:: What is required ::
Reproduce every entry exactly and leave its pictures out.

====

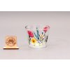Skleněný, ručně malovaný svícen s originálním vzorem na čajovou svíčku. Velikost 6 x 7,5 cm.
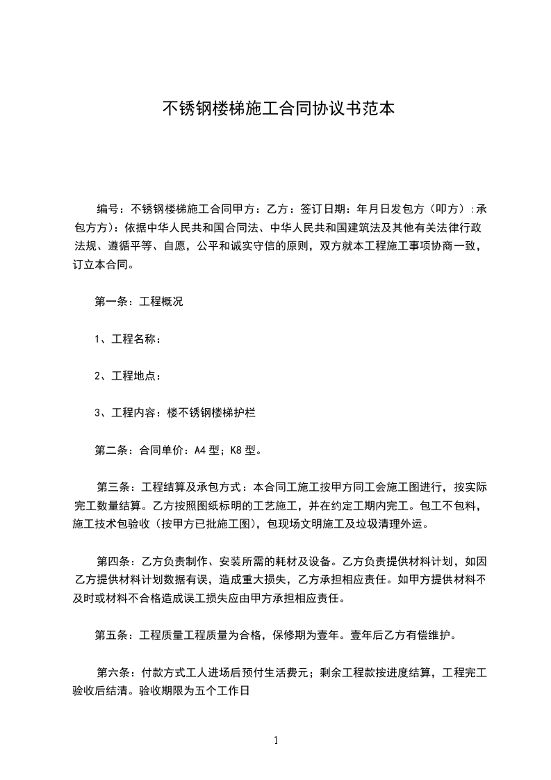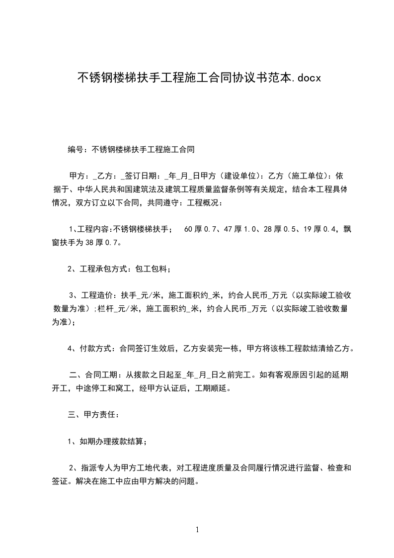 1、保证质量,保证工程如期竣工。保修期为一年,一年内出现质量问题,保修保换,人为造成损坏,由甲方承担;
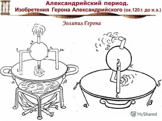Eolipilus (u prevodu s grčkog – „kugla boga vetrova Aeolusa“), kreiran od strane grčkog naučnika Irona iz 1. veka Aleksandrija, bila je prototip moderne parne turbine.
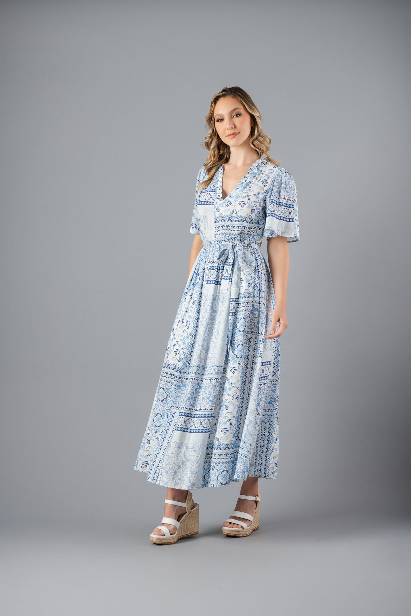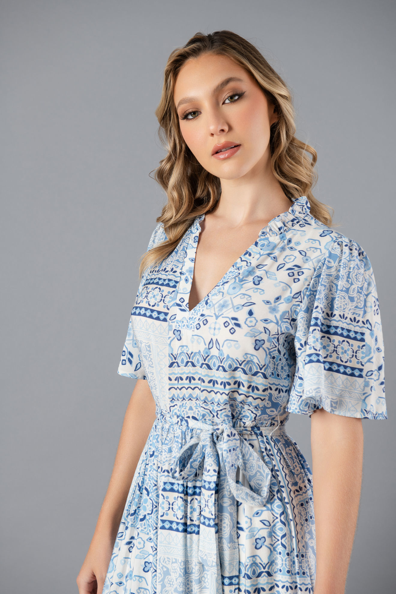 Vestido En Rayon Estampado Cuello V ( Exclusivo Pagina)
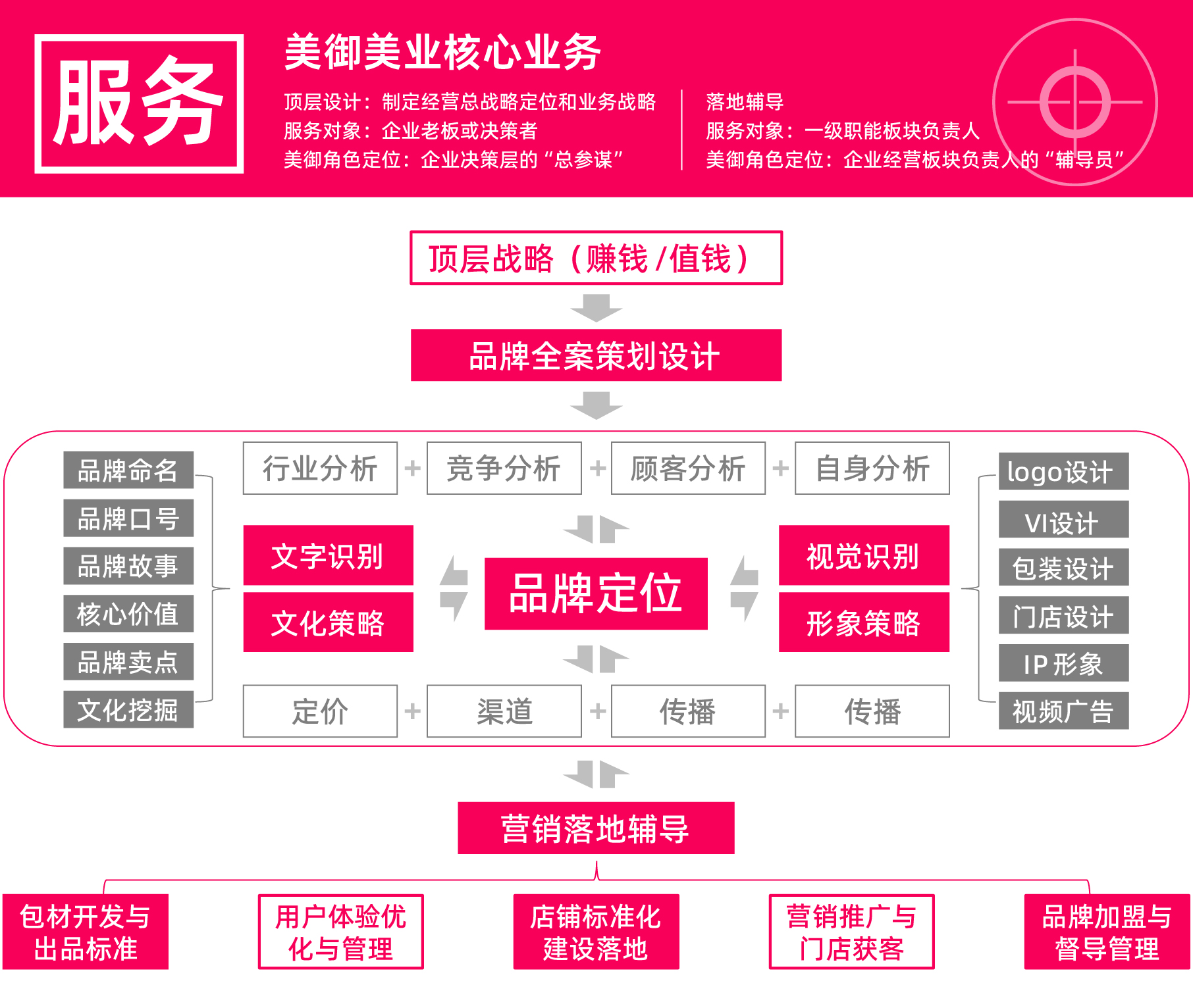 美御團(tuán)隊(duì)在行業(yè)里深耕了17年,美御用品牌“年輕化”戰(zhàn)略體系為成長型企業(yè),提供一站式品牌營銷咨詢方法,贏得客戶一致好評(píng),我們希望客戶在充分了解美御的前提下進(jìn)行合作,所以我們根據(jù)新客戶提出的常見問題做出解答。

====

:: Solution for this exercise ::
Skleněný, ručně malovaný svícen s originálním vzorem na čajovou svíčku. Velikost 6 x 7,5 cm.
 1、保证质量,保证工程如期竣工。保修期为一年,一年内出现质量问题,保修保换,人为造成损坏,由甲方承担;
Eolipilus (u prevodu s grčkog – „kugla boga vetrova Aeolusa“), kreiran od strane grčkog naučnika Irona iz 1. veka Aleksandrija, bila je prototip moderne parne turbine.
 Vestido En Rayon Estampado Cuello V ( Exclusivo Pagina)
 美御團(tuán)隊(duì)在行業(yè)里深耕了17年,美御用品牌“年輕化”戰(zhàn)略體系為成長型企業(yè),提供一站式品牌營銷咨詢方法,贏得客戶一致好評(píng),我們希望客戶在充分了解美御的前提下進(jìn)行合作,所以我們根據(jù)新客戶提出的常見問題做出解答。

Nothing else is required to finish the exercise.